Top of DATA FOR THIS EXERCISE

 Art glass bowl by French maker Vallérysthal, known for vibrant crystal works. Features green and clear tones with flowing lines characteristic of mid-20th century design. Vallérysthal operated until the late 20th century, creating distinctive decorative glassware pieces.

Bottom of DATA FOR THIS EXERCISE
Top of DATA FOR THIS EXERCISE

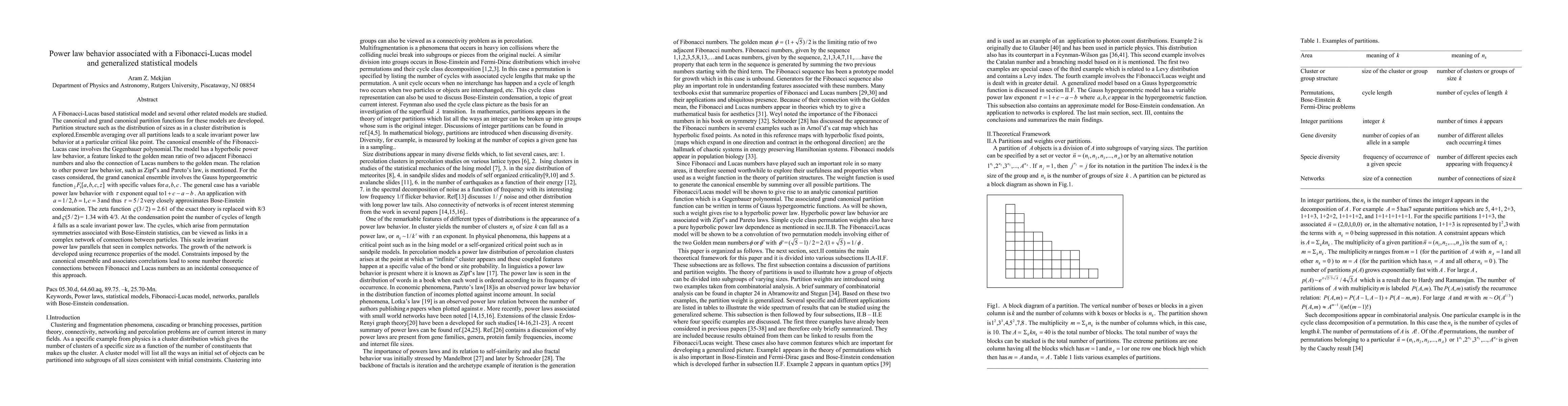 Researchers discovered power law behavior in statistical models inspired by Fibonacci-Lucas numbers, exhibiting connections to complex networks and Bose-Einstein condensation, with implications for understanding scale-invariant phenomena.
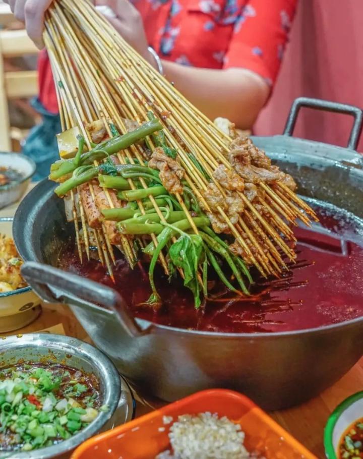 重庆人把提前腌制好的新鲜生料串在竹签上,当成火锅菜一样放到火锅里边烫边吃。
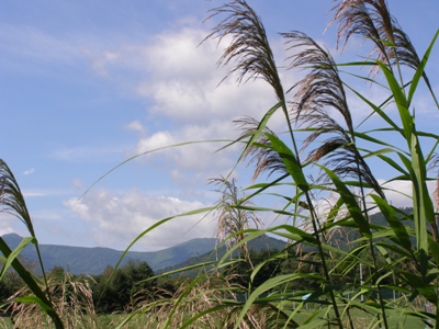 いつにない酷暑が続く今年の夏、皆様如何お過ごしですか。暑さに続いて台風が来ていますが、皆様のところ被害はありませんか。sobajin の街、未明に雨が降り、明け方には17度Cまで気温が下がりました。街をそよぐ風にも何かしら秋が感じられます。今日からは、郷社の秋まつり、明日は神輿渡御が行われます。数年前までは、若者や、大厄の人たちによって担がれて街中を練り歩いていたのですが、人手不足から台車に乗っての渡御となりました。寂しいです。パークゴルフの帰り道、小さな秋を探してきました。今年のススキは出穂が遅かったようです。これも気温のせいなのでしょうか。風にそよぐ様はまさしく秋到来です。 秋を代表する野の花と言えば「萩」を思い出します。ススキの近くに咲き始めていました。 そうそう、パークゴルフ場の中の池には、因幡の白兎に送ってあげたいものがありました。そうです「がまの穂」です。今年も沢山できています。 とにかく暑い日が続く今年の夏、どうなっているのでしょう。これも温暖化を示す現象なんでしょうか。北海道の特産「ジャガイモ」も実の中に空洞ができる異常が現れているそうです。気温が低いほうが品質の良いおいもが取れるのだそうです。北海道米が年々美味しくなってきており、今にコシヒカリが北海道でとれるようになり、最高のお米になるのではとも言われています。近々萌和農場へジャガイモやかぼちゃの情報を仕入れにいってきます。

Bottom of DATA FOR THIS EXERCISE

• [WHAT YOU ARE ASKED TO DO]: Whatever pictures the records hold, omit them; give again exactly the lines from the one containing "Researchers discovered power" through the one containing "重庆人把提前腌制好的新鲜生料串在竹签上,当成火锅菜一样放到火锅里边烫边吃。".

• [OUTPUT BELOW]:
 Researchers discovered power law behavior in statistical models inspired by Fibonacci-Lucas numbers, exhibiting connections to complex networks and Bose-Einstein condensation, with implications for understanding scale-invariant phenomena.
 重庆人把提前腌制好的新鲜生料串在竹签上,当成火锅菜一样放到火锅里边烫边吃。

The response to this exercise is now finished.